- Your task: Go through the listing below and output exactly the line with "Die Gedenktafel für", the line with "Boston, Massachusetts MTA", and each line between; omit the rest.

- Data:
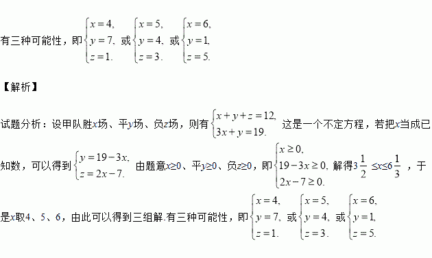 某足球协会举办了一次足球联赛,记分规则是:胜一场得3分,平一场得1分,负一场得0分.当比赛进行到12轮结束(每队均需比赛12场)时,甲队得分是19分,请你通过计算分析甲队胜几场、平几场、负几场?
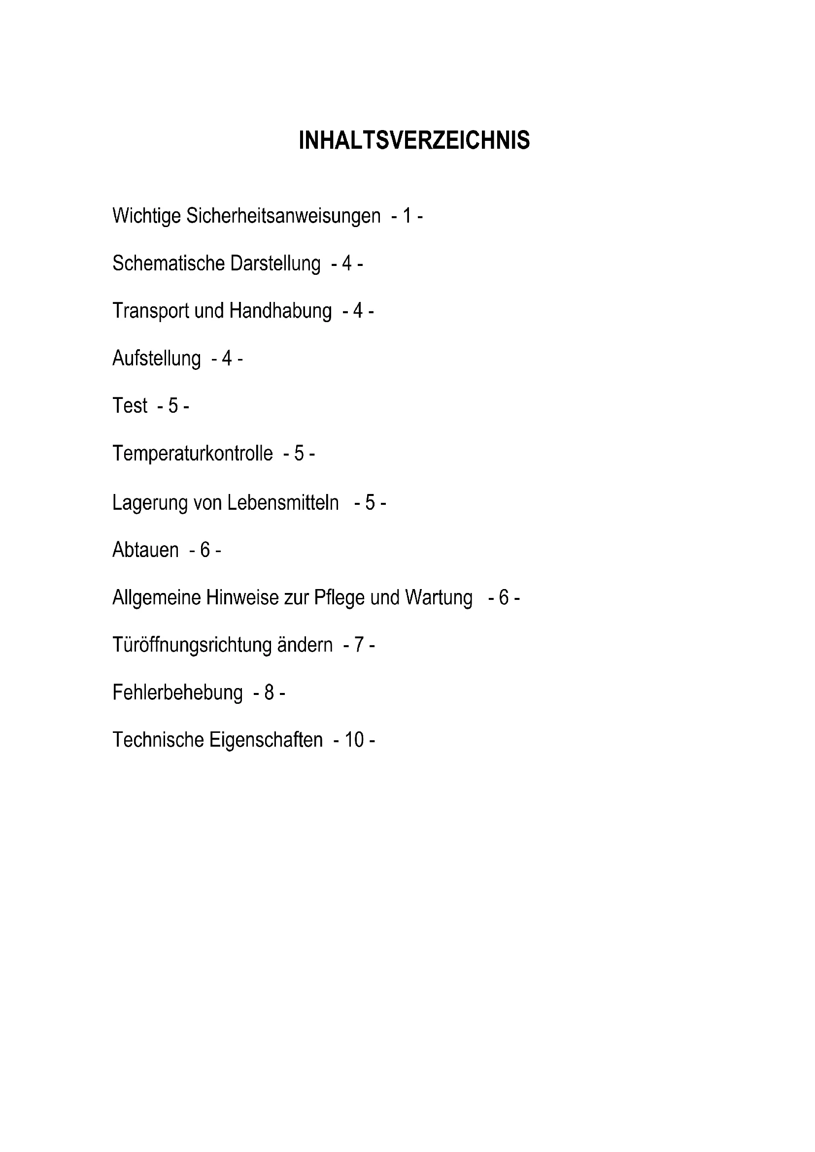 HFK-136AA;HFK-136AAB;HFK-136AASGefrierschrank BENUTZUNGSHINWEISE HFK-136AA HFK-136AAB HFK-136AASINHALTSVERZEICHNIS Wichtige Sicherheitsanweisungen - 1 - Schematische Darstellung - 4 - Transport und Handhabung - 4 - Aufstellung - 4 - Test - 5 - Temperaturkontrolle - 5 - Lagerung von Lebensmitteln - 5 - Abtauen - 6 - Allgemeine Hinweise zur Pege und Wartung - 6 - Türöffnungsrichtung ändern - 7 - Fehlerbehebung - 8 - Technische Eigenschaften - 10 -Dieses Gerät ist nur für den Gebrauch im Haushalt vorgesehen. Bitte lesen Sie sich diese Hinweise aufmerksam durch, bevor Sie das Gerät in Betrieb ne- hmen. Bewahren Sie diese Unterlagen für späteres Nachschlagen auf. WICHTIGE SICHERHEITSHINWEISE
* * *
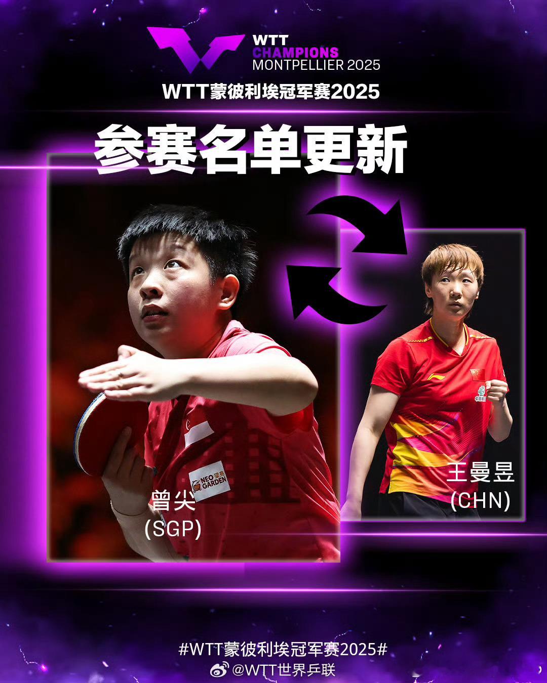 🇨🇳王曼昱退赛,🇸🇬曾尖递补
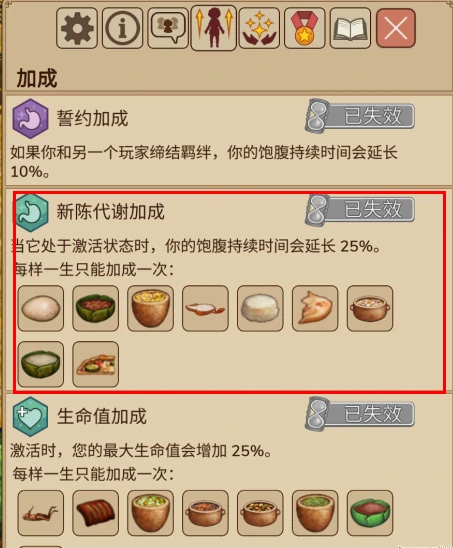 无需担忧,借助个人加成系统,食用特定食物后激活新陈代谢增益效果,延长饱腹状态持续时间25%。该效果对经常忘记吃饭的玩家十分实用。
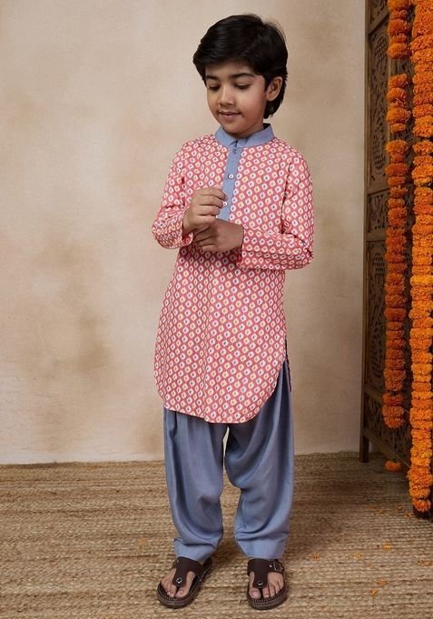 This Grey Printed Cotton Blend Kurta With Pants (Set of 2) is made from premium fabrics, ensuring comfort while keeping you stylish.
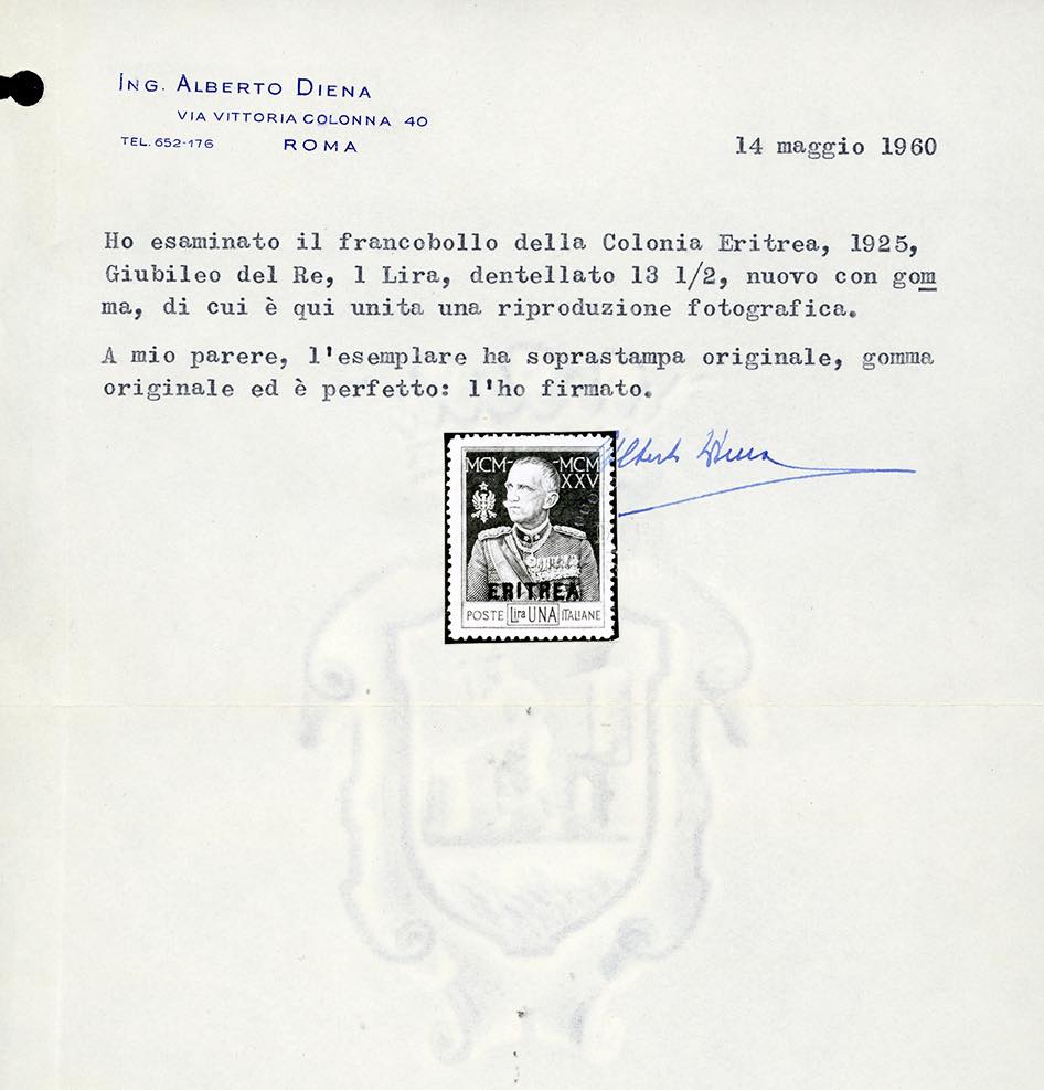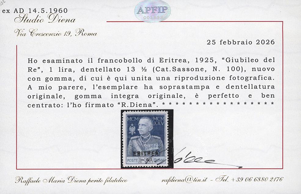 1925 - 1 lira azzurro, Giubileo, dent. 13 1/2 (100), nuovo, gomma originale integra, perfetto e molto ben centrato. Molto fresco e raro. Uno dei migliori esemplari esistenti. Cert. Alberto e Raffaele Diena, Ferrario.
--
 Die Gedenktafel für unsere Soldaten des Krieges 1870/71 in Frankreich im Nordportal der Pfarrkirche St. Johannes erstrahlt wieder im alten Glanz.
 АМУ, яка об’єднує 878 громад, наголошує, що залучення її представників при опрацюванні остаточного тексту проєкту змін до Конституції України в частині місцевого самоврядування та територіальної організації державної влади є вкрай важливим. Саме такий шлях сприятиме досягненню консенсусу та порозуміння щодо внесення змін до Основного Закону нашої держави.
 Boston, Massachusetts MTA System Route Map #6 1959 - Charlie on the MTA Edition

- Written answer:
 Die Gedenktafel für unsere Soldaten des Krieges 1870/71 in Frankreich im Nordportal der Pfarrkirche St. Johannes erstrahlt wieder im alten Glanz.
 АМУ, яка об’єднує 878 громад, наголошує, що залучення її представників при опрацюванні остаточного тексту проєкту змін до Конституції України в частині місцевого самоврядування та територіальної організації державної влади є вкрай важливим. Саме такий шлях сприятиме досягненню консенсусу та порозуміння щодо внесення змін до Основного Закону нашої держави.
 Boston, Massachusetts MTA System Route Map #6 1959 - Charlie on the MTA Edition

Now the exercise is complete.